Action item:
Please set down only the lines from the one containing "by Larry Page" through the end of the entries below, exactly, minus any pictures.

BEGIN Source data

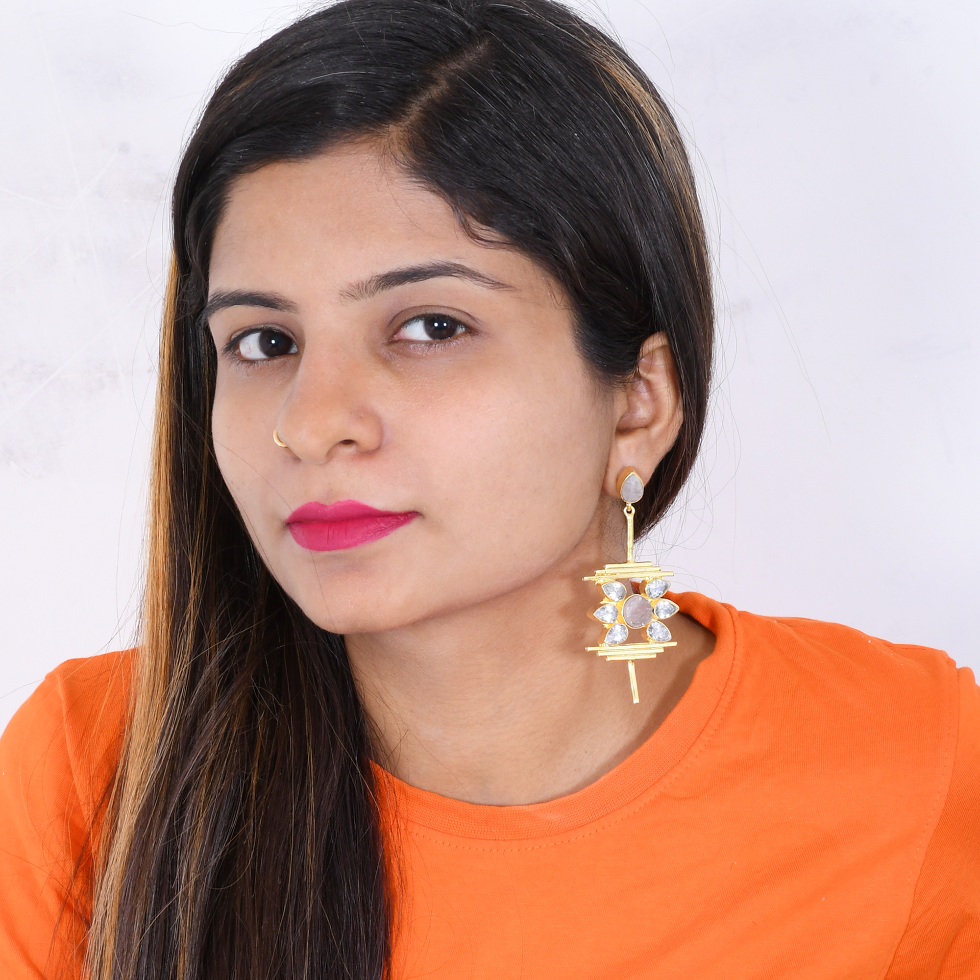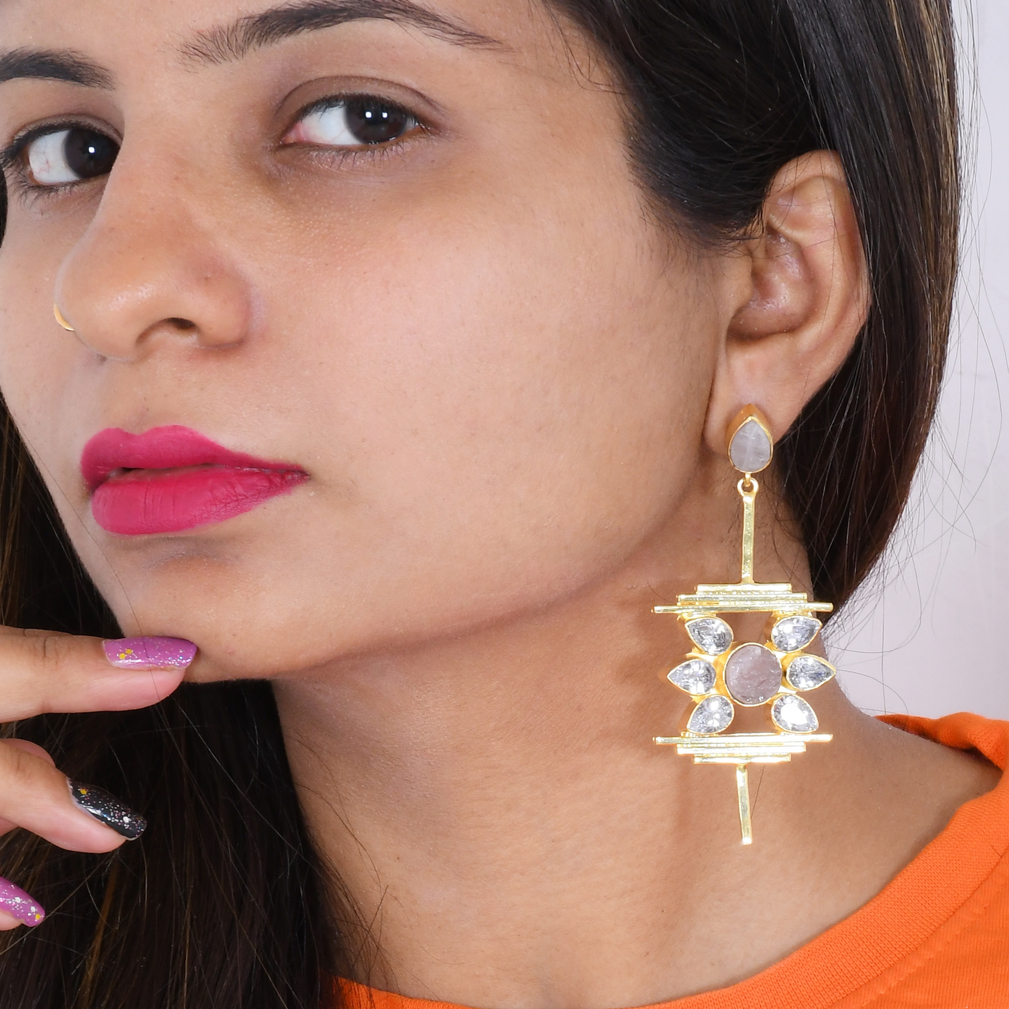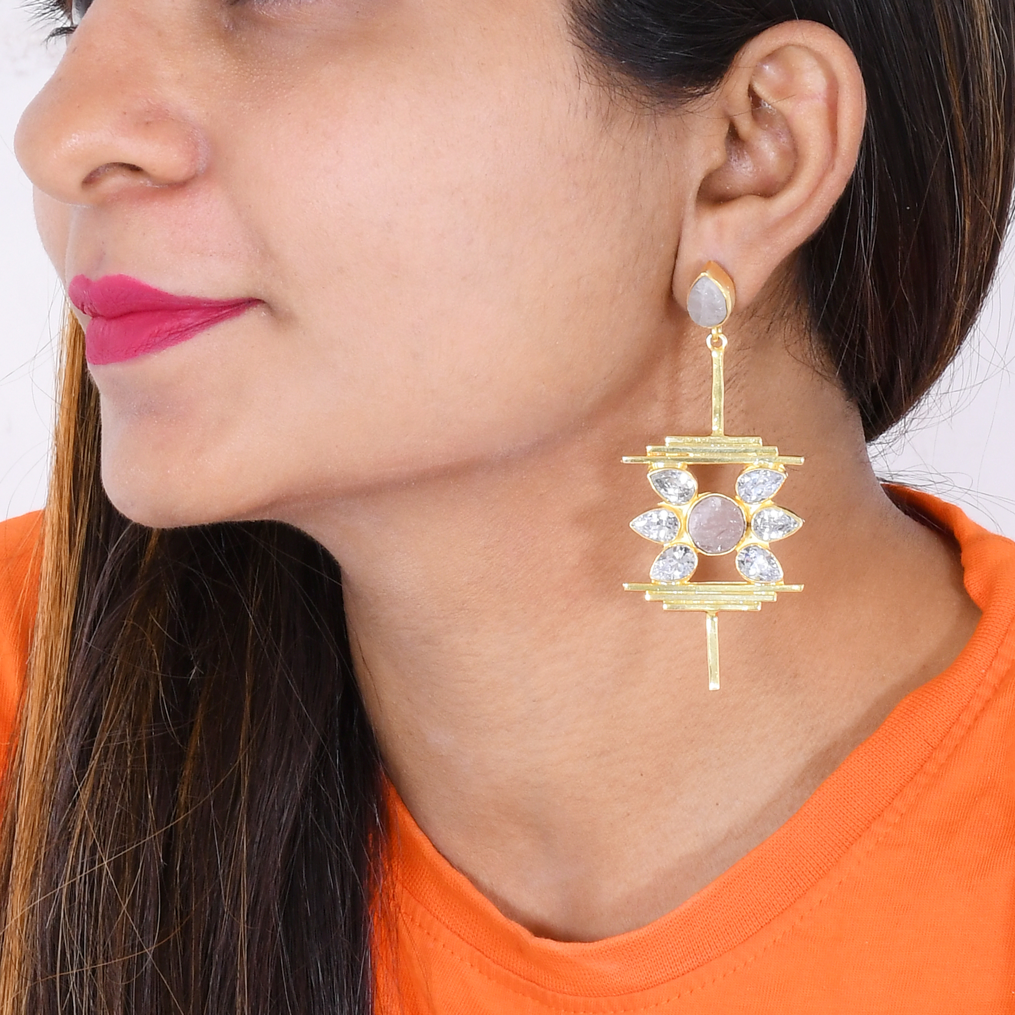 Handmade Rose Quartz And Cubic Zirconia Wedding Earrings
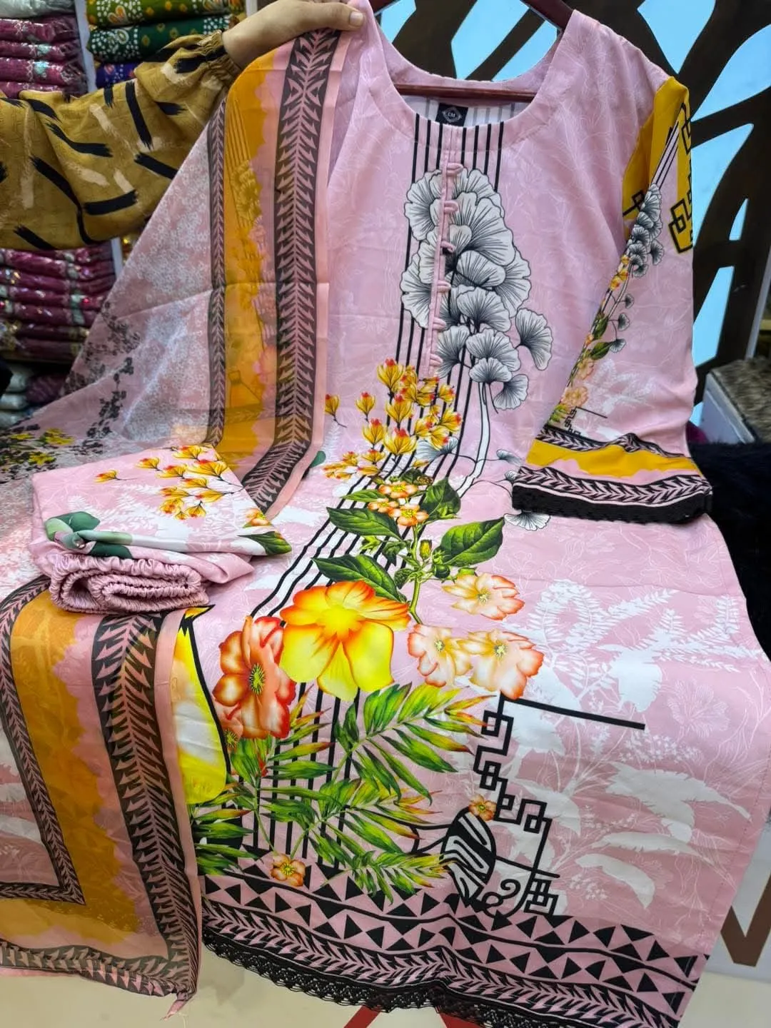 ফেব্রিক্সঃ কামিজ অ্যান্ড প্যান্টের ফেবরিক মাইকো স্ট্রিজ। ওড়না জর্জেট।
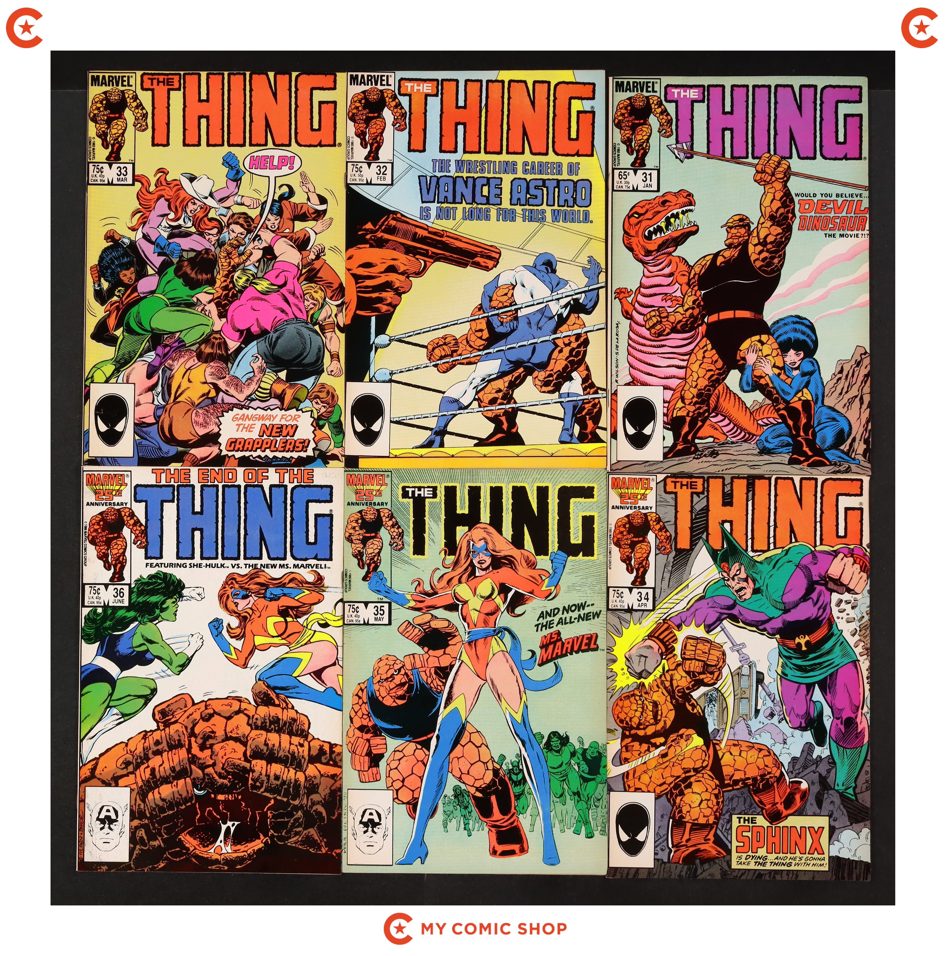 Issues 25-28, 29D, 30-35, 36D of Thing (1983 1st Series Marvel). Most will grade in the FN to VF range.
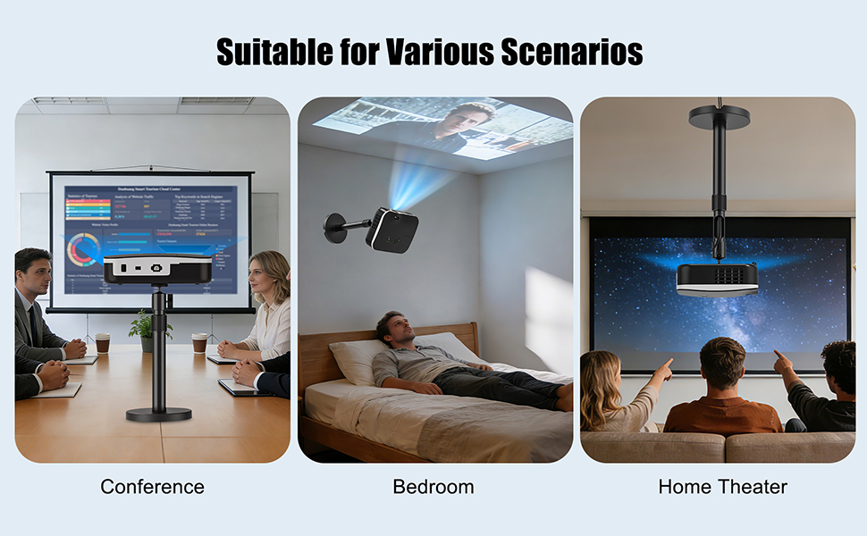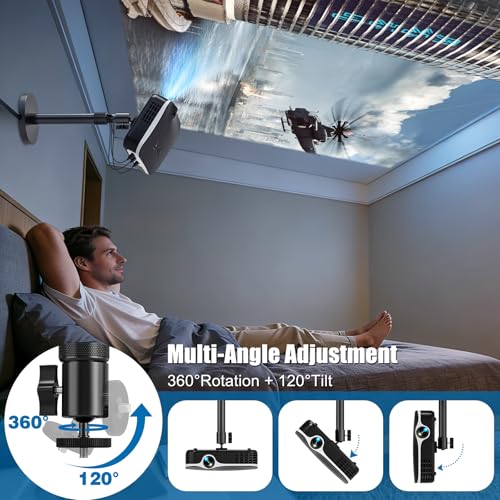- Multi-Angle Adjustable – The projector bracket is equipped with a high-quality ball head that can rotate 360 degrees and tilt 90 degrees, so you can adjust any angle you need, providing reliable and stable projection from any angle, and then enjoy your leisure time to your heart's content.
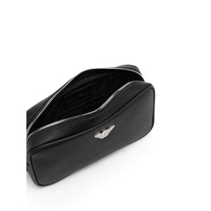 Eagle-plaque zipped wash bag from EMPORIO ARMANI featuring black, textured finish, silver-tone logo plaque, top zip fastening, silver-tone hardware, detachable wrist strap, main compartment and multiple internal slip pockets. Logo beauty-case Size and Fit - Width 8,66 in / 22 cm Height 4,72 in / 12 cm Depth 2,36 in / 6 cm Handle 7,09 in / 18 cm
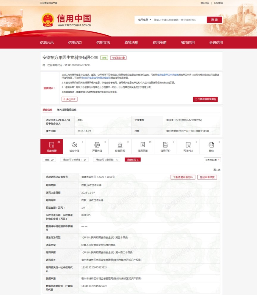 齐鲁晚报·齐鲁壹点记者于信用中国行政处罚信息栏获悉,11月7日,安徽东方果园生物科技有限公司(下称“东方果园”)收到罚单,该公司旗下拥有健康果蔬脆干品牌“东方果园”等。据悉,其处罚类别为“罚款;没收违法所得”,处罚机关为宿州市埇桥区市场监督管理局(宿州市埇桥区知识产权局)。
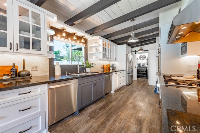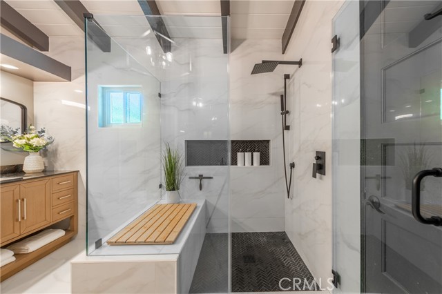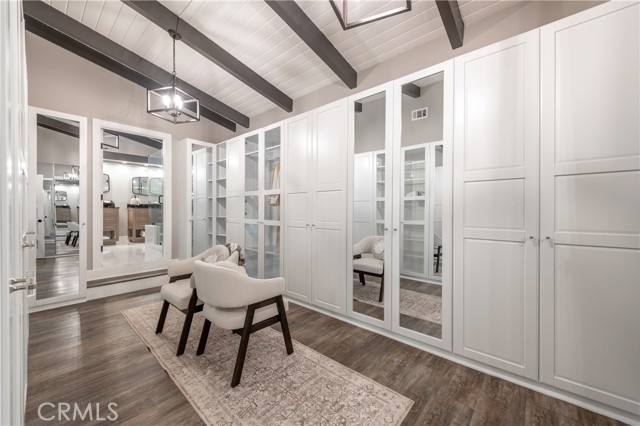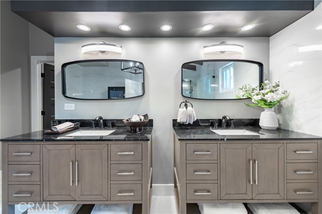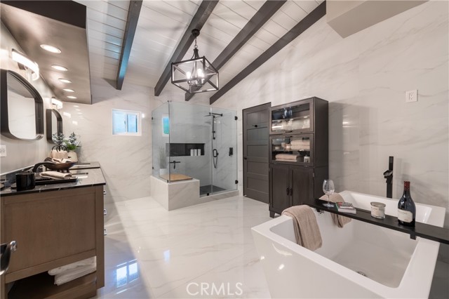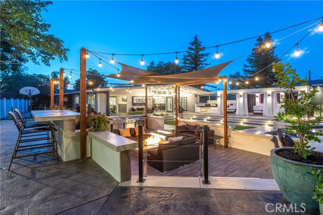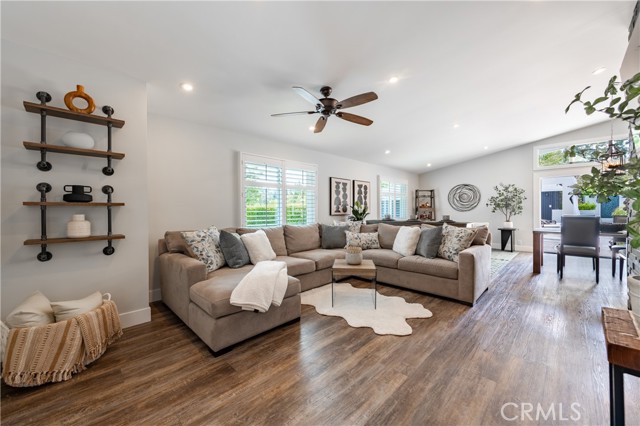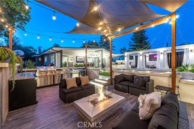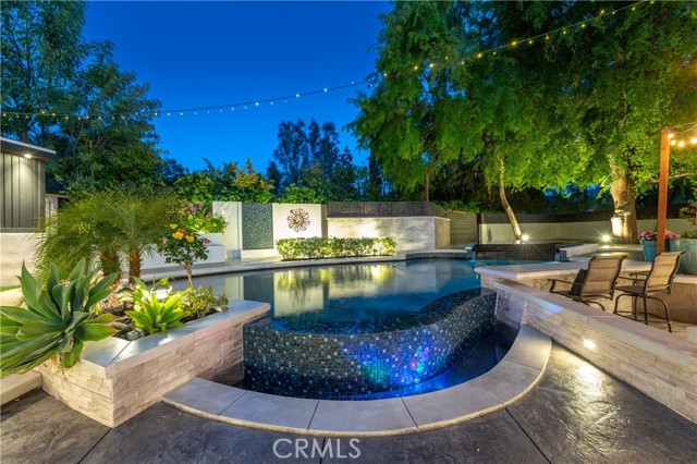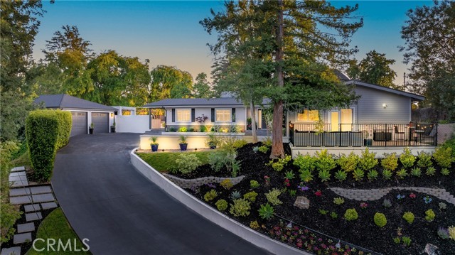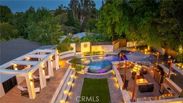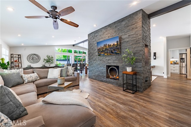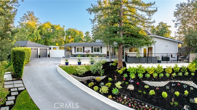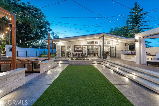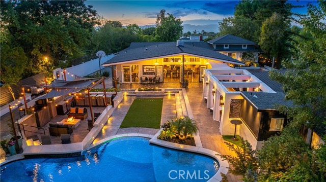 Tucked at the end of a peaceful cul-de-sac in the coveted Vista De Oro neighborhood, this breathtaking single-level gated estate is a rare gem that effortlessly fuses mid-century modern elegance w/today s most luxurious upgrades. Reimagined w/high-end designer finishes & curated architectural details, this home offers an extraordinary lifestyle of comfort, privacy, & resort-style living. From the moment you step through the gates, you re welcomed into a sanctuary of serenity. Inside, soaring vaulted & beamed ceilings, gleaming wood floors, & natural light from multiple skylights create a warm & sophisticated ambiance. The expansive living room showcases a stacked stone fireplace, custom plantation shutters, & French doors open to an entertainer s dream backyard, creating the quintessential California indoor/outdoor experience. Host unforgettable dinners in the formal dining room, enhanced by a stylish corner fireplace & statement pendant lighting. The chef s kitchen is a showstopper, featuring SS appliances including a professional-grade Thermador stove & hood, stone countertops, soft-close cabinetry w/glass inserts, beadboard ceilings, & a walk-in pantry. The adjoining breakfast nook, complete w/matte slate walls & sliding doors to the yard, adds charm & functionality. A custom espresso bar w/wine fridge & a sliding barn door add the perfect finishing touch for entertaining. Retreat to the approx. 1,000 sq ft primary suite an absolute haven with its own sitting area, vaulted ceilings, fireplace, private balcony, massive custom walk-in closet, & a spa-inspired ensuite that rivals any five-star resort. Indulge in Italian porcelain tile, dual vanities, a soaking tub, a two-person rain shower w/seating, & a private water closet. Step outside into a true backyard paradise: sunken outdoor living room w/vinyl wood floors, a full kitchen, ¾ bath cabana, firepit lounges, glistening pool, infinity spa, water features, a sport court, dog run, artificial turf zones, storage sheds, & an outdoor shower surrounded by lush landscaping & enhanced w/ambient lighting for evening entertainment. Add'l features include beautifully updated secondary beds & baths, a chic powder room w/Venetian plaster walls, ceiling fans, interior laundry, automatic sprinklers, & drip irrigation. Every detail has been thoughtfully executed to ensure style, privacy, & timeless sophistication. This Vista De Oro masterpiece is more than a home, it s a lifestyle.
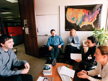 by Larry Page and Sergey Brin , two Ph.D. students at Stanford
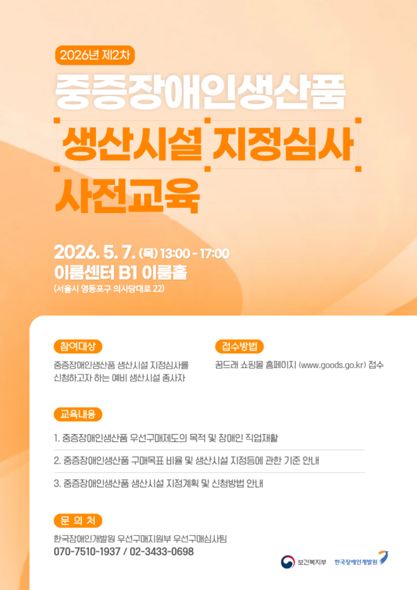 【에이블뉴스 이슬기 기자】한국장애인개발원이 오는 5월 7일 서울 여의도 이룸센터 이룸홀에서 중증장애인생산품 생산시설 종사자를 대상으로 ‘2026년 제2차 중증장애인생산품 생산시설 지정심사 사전교육’을 실시한다.

END Source data

Response:
 by Larry Page and Sergey Brin , two Ph.D. students at Stanford
 【에이블뉴스 이슬기 기자】한국장애인개발원이 오는 5월 7일 서울 여의도 이룸센터 이룸홀에서 중증장애인생산품 생산시설 종사자를 대상으로 ‘2026년 제2차 중증장애인생산품 생산시설 지정심사 사전교육’을 실시한다.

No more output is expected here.